Les chercheurs français, comme Michel Cornaton, parlent de camps de concentration. Il existait des camps d’internement pour les militants, les syndicalistes, les journalistes et les avocats. Comme le camp de Bossuet. Les camps de regroupement étaient destinés à la population civile. Des femmes, des enfants, des personnes âgées étaient déplacés et regroupés. Chaque famille était installée dans un gourbi de 1m 20 sur 12 entouré de barbelets. Les gens n’avaient le droit ni d’entrer ni de sortir. Ils étaient mal traités. Les femmes étaient profondément fouillées. Les gens sont encore marquées par ces images. Un officier français nous a confié en pleurant dans le documentaire qu’il n’était pas de fier par ce qu’il fausait.

L’Histoire des camps de regroupement est-elle connue en Algérie ?

Malheureusement, l’histoire des camps de regroupement est encore méconnue en Algérie. J’ai projeté le documentaire dernièrement à Tiaret, à El Bayadh, à Batna et Khenchela. J’ai découvert que les algériens ne connaissent pas cette période de l’Histoire. Mon souhait est que ce film soit projeté dans les universités et les écoles. Il faut que nos enfants connaissent cette vérité et cette tranche de l’Histoire

Comment expliquez vous que cet épisode de l’Histoire de l’Algérie soit méconnu. Est-ce à la faute aux historiens algériens? A l’université?

Je pense que la responsabilité est partagée. La famille, l’université et l’école doivent jouer leurs rôles. La société, d’une manière générale. La société doit se mobiliser pour écrire cette histoire et la transmettre aux générations futures. Il y a une crainte que cette mémoire soit effacée par la disparition des témoins. Il faut faire vite donc. J’ai sillonné l’Algérie pour faire un travail sur les camps. Ce travail sortira sous forme d’une série de décocumentaires. J’ai récolté plus de 360 témoignages avec un regard croisé.J’ai travaillé aussi sur des documents inédits. Pour moi, les archives sont un trésor. Il suffit de bien les consulter. J’ai même trouvé des lettres censurées.

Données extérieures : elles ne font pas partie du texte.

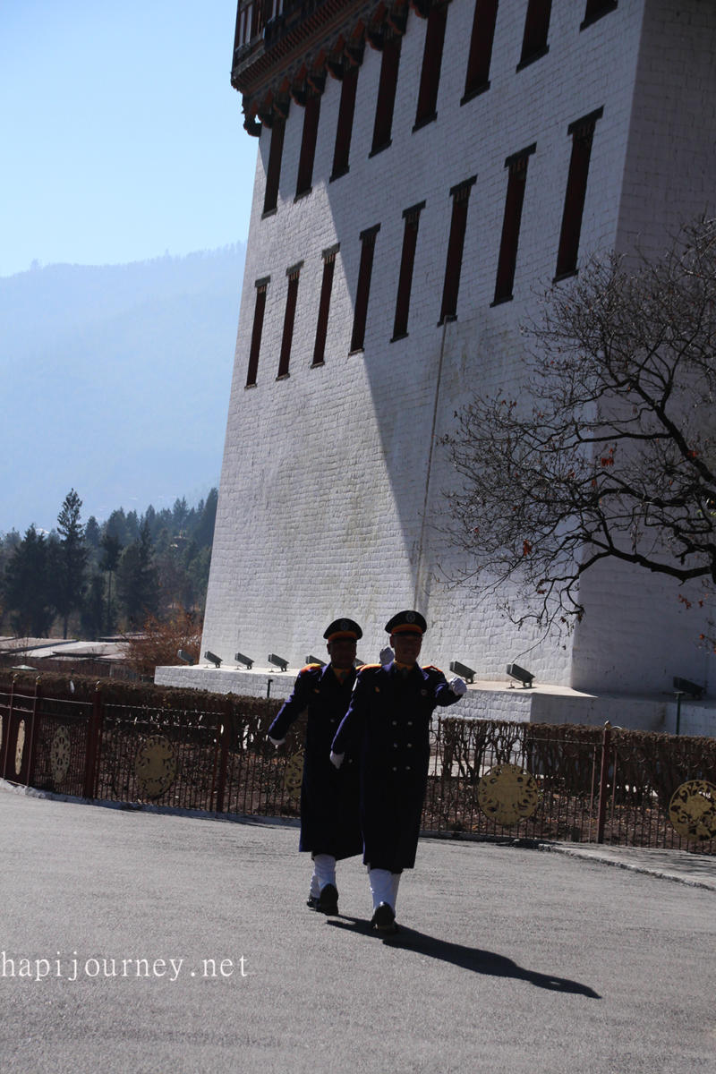 走進廷布市中心,只見紀念碑裏外充滿人羣,警察則在旁協助維持秩序,卻不給我們進內參觀。原因是這裏正在進行祈禱活動,今天不向外開放。我們只好在外牆外一窺裏面的情況:只見穿着統一服飾的男女圍着紀念碑四方席地而坐,有的唱經,有的拿起綠色的鼓訓練有素的拍打,有的在中途加入,而台上的主持在進行儀式。聽導遊說他們正為着世界和平而祈禱。在這普天同慶的日子,不同宗教人仕正為着人類的和平祈禱着。
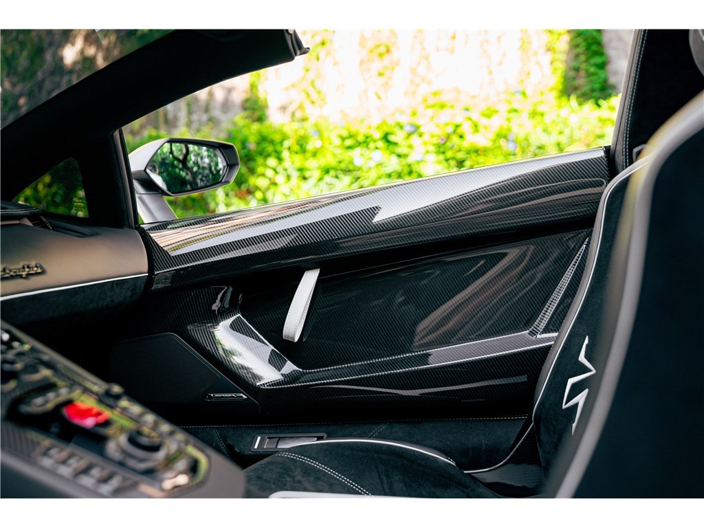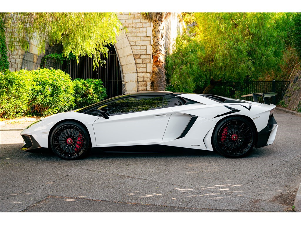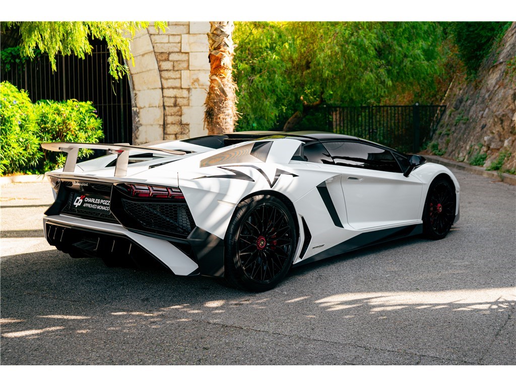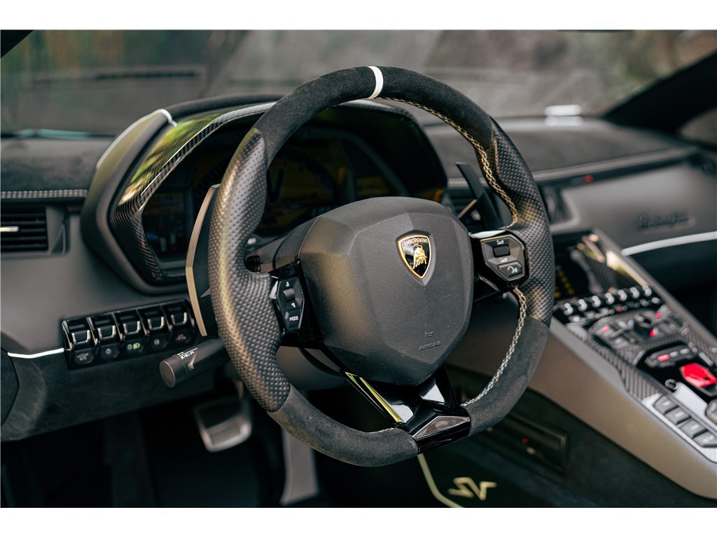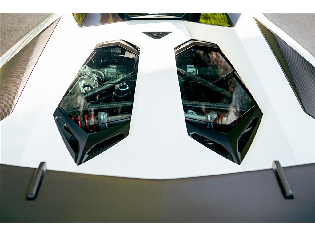 Le sigle exclusif SV de Lamborghini, pour Super Veloce, est apparu sur la légendaire Miura. L’Aventador SV Roadster, limitée à 500 exemplaires seulement, gagne 50 chevaux par rapport à une Aventador classique, et un look encore plus radical. Notre exemplaire Bianco Isis ne totalise que 8 900 km.
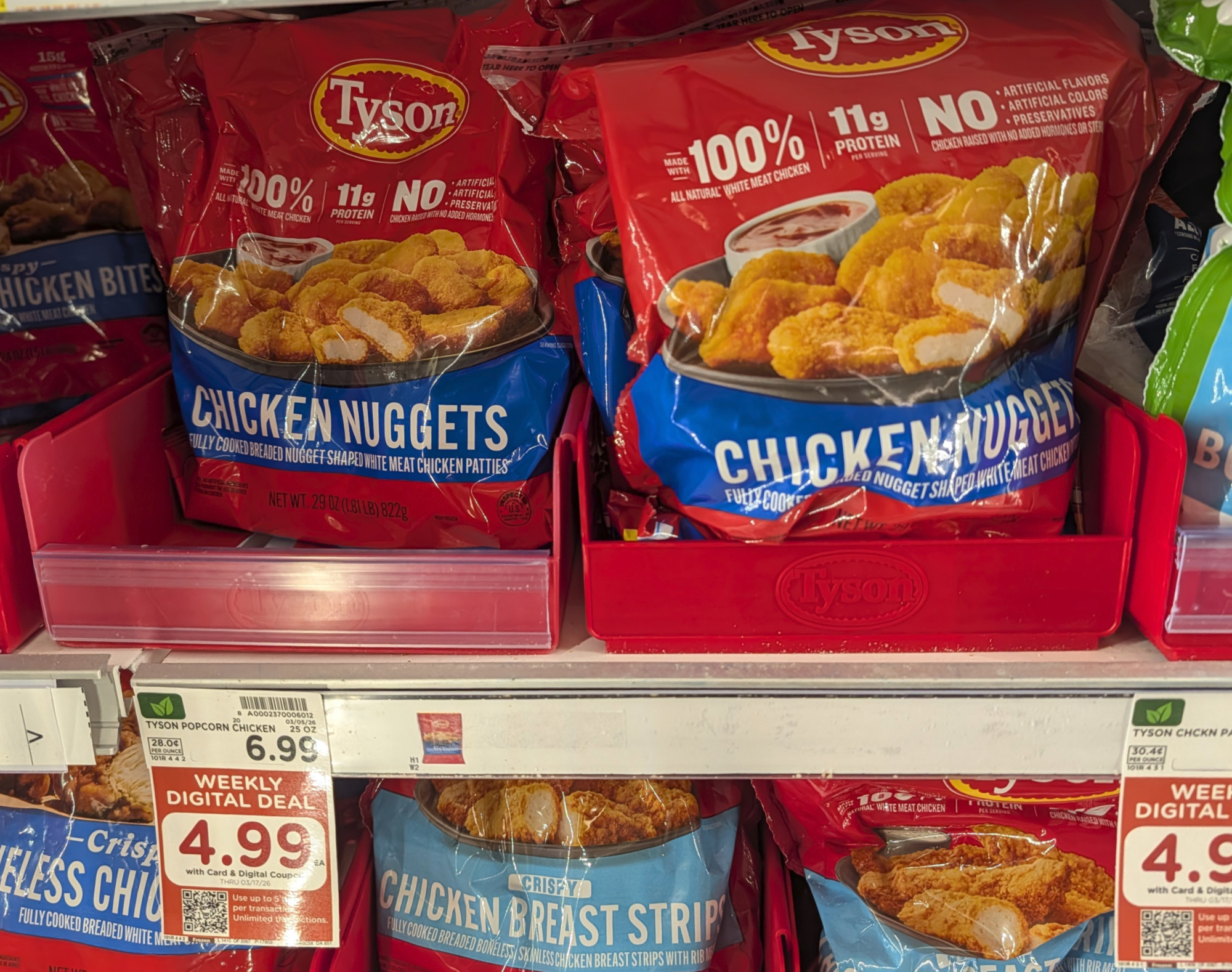 Serve up a quick meal and save some moolah. Load the digital coupon to get up to FIVE bags of Tyson Chicken for just $4.99 each this week at Kroger. If you have kids, you know these always come in handy!
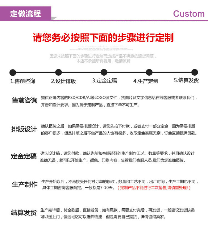 【定做说明】定制图案或尺寸,数量3万起订,模版费另付
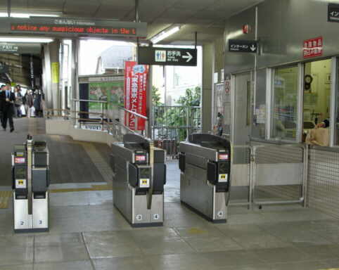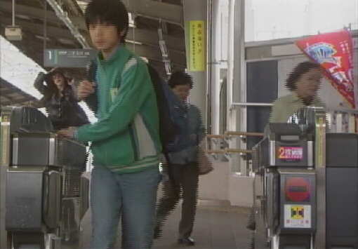 | 第1話(4/12)で遥生が通過した改札、追いかけてきた嵐子が通れなかった改札 (右はキャプチャー画像) |
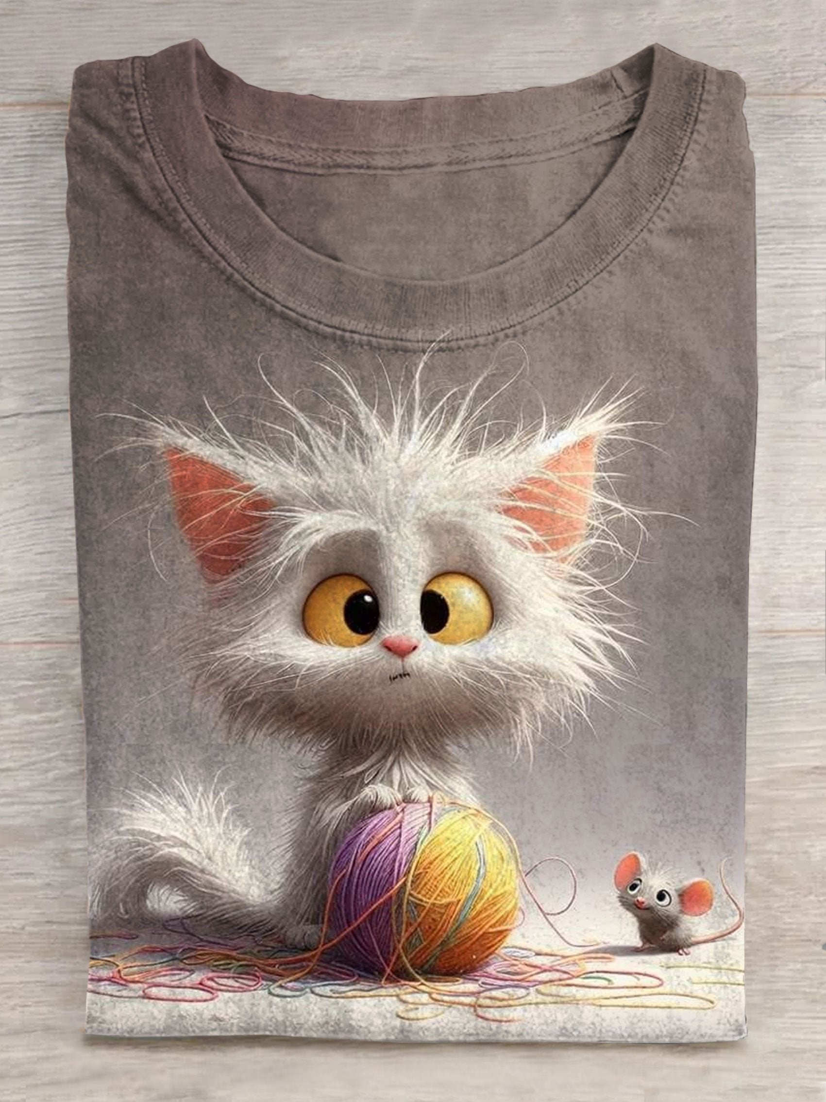 Cute Cat Peeks At Mouse Kitten Casual Print T-shirt$19.99 USD -
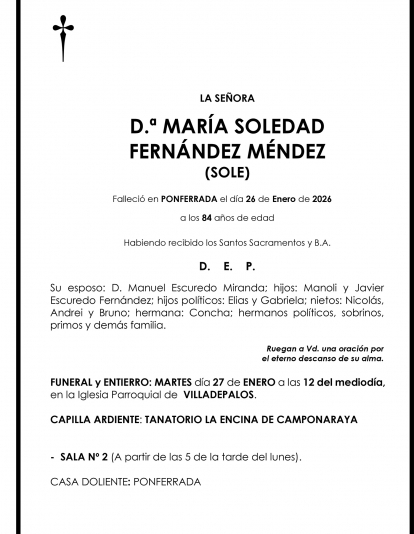 Esquelas MARÍA SOLEDAD FERNÁNDEZ MÉNDEZ (SOLE) Redacción Infobierzo 26 de Enero de 2026 Actualizado: 26 de Enero de 2026 a las 20:14 Comentarios Guardar MARÍA SOLEDAD FERNÁNDEZ MÉNDEZ (SOLE) MARÍA SOLEDAD FERNÁNDEZ MÉNDEZ (SOLE) Temas Esquelas Bierzo Esquelas Ponferrada Esquelas

Une femme témoigne de sa présence dans un camp de regroupement

Vous avez également travaillé sur les algériens déportés en Nouvelle Calédonie

Des algériens déportés à partir de 1864 et jusqu’à 1897. Plus de 2000 algériens ont été déportés vers la Nouvelle Calédonie. Et plus de 20.000 algériens ont été déportés vers Cayenne (à partir de 1852). La mémoire collective évoque à ce jour le bagne de Cayenne. J’y étais. Je suis resté un mois pour un faire un traval sur les algériens de la Guyane. Une histoire peu connue aussi. Beaucoup d’algériens sont morts à Cayenne parce que les conditions de vie étaient désastreuses. Les algériens étaient même abandonnés dans de petits îles et devaient se débrouiller pour vivre. J’ai travaillé avec des chercheurs. Je viens de reçevoir un livre, édité en France, qui s’est appuyé sur mon documentaire sur la déportation des algériens.

Allez vous rester dans ce registre de l’Histoire pour vos documentaires ?

Le sujet de l’Histoire est passionnant. Je vous ai parlé par exemple des lettres censurées. Des lettres envoyées par des déportés à leurs familles ou par les familles aux déportées. L’administration coloniale a censuré ces lettres. Ces missives, qui sont toujours conservées dans les archives, racontent des vécus terribles. On ne peut pas rester indifférent en les lisant. Elles interpellent le lecteur. Ces détails m’intéressent.

Pourquoi le documentaire n’est pas très développé en Algérie ?

Il n’y a pas d’encouragement. Il faut beaucoup de temps et de moyens. Le documentariste doit être motivé, doit sentir qu’il est soutenu pour continuer de travailler. La volonté ne suffit pas. Je peux vous dire que nos travaux contribuent d’une manière ou d’une autre à l’écriture de l’Histoire, à immortaliser tous les sacrifices de notre peuple et à les transmettre aux futures générations. L’indépendance de l’Algérie n’est pas venue du néant. Il faut le rappeler à chaque fois.